わが国のヘリコプター救急医療はドイツから30年遅れでスタートし、今日に至るまで世界各国の関係者に数多くの教えを請うてきた。ドイツのクグラー氏やシュトルペ氏やクレテック氏やマツケアール女史、フランスのベルトラン女史、英国のアーラム氏やロッキー氏、スイスのシュトインツ氏、オーストリアのバーガー氏、オランダのバルク氏、米国のコパス氏やハットン氏やジャッジ氏やキンケード女史など、数え上げれば枚挙に暇がない。

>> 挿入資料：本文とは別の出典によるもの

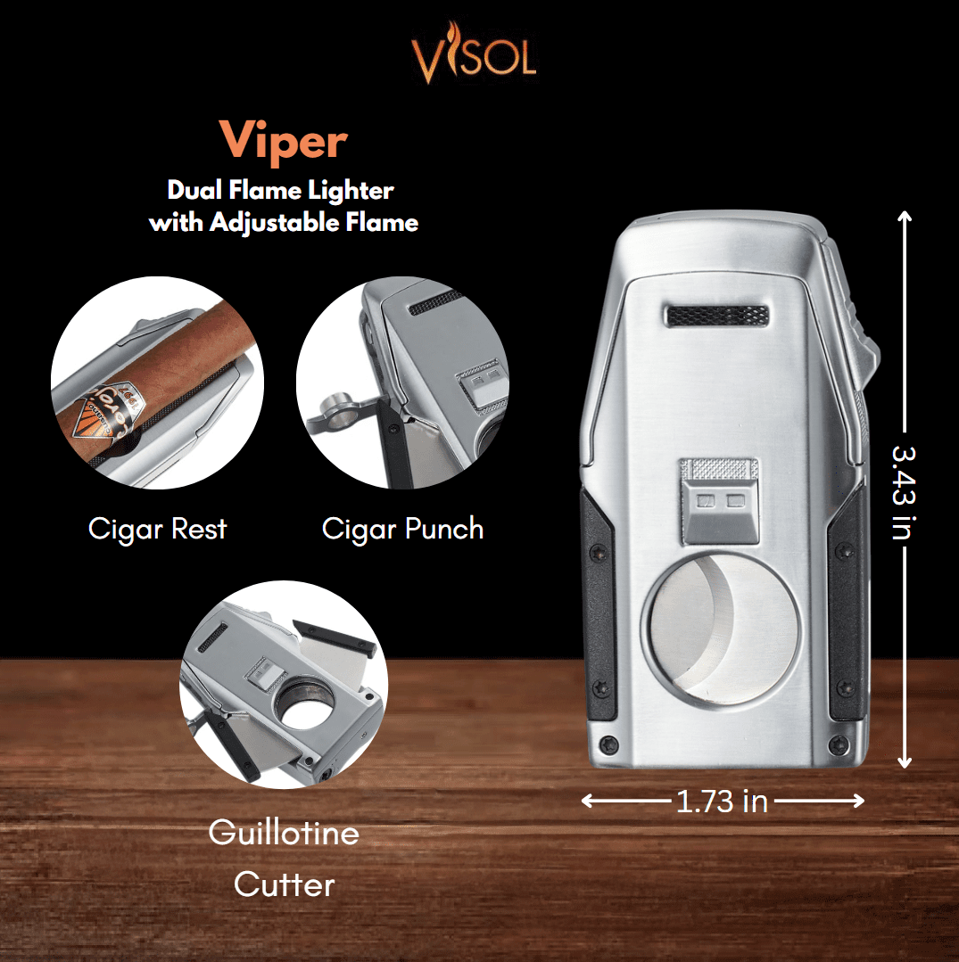 Experience simplicity and versatility with the Visol Viper Dual Flame Lighter, an all-in-one tool designed to keep everything you need in one compact piece. This lighter features two reliable torch flames that deliver a steady, even light, making it easy to enjoy your cigar anytime. Its solid metal construction offers a balanced feel in hand and is built for everyday use at home or on the go.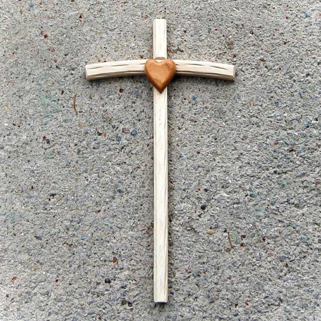 Veľkosť: 27cm výška  Materiál: Drevo - Krížik Lipa - Srdce Čerešňa.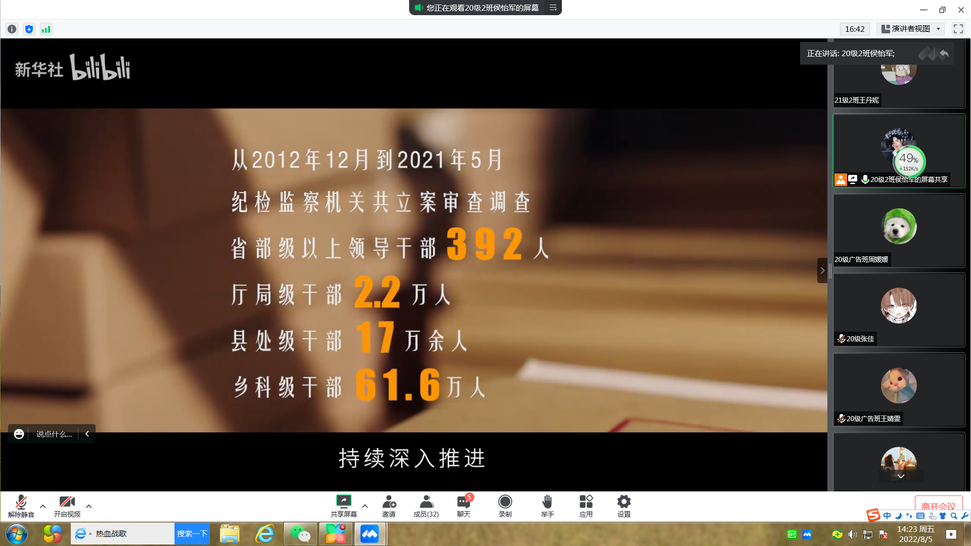 各班在团支书的带领下,从政治、经济、文化等各个层面回顾了新时代党带领中国人民取得的历史性成就,2020级广告班团支书侯怡军播放纪录片《大国抉择》,向同学们讲述我国在面对困难和挑战时一次次艰难抉择背后的故事,从中体会党和国家建设国家之艰辛,取得的成果之伟大。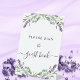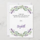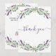 Um cartões de agradecimentos de aniversário feminino e elegante. Um fundo branco, decorado com lavanda, flores violetas e verde de eucalipto. Na frente, o texto escrito em letras grandes e o texto: Obrigado. Voltar: Personalize e adicione seu nome e nota de agradecimento. O nome é escrito com um moderno estilo escrito à mão.

言うならば、わが国のドクターヘリ事業は、欧米先進諸国のシステムに学び、その一部を模倣し、本邦の人的・物的医療資源も検討しながら、認定NPO法人救急ヘリ病院ネットワーク(HEM-Net)が主導して独自の制度を設計してきたのである。
一方韓国では、ヘリコプター救急実施への動きが2年ほど前からあったと聞いているが、早くも実現することになったことは驚くべきことである。ヘリコプターの基地が20ヵ所の基幹病院に配備されるとすれば、その密度は韓国の国土面積から見てドイツの現状(72ヵ所)に相当する計算になる。まさに国を挙げて、「日本に追いつき、追い越せ!」と精力的に取り組んでいることが伺える。国民の命を守る仕組みを構築するために、世界各国が高いレベルで競い合うことは大いに歓迎すべきであり、わが国も負けてはいられない。
今回は紙面の関係で割愛するが、タイにおいてもヘリコプターを活用して交通事故負傷者の命を救う取り組みが既に始まっている。昨年当施設では2名の医師に対してドクターヘリ搭乗教育を実施したが、今年も数名の医師から見学実習の依頼が寄せられている。
これまで欧米諸国とオーストラリアに限られてきたヘリコプター救急が、いよいよアジア諸国にも急速に拡大する動きを見せており、中国やインドにもそうした動きが見られることは誠に喜ばしいことである。わが国のドクターヘリ事業関係者は、これまで親身になって指導してくれた数多くの世界の先達たちの恩に報いるためにも、韓国を始めとして、アジア各国が今まさに取り組もうとしているヘリコプター救急医療の実現に向けて、様々な機会に、様々な形で、惜しみない支援を送り続けなければならない。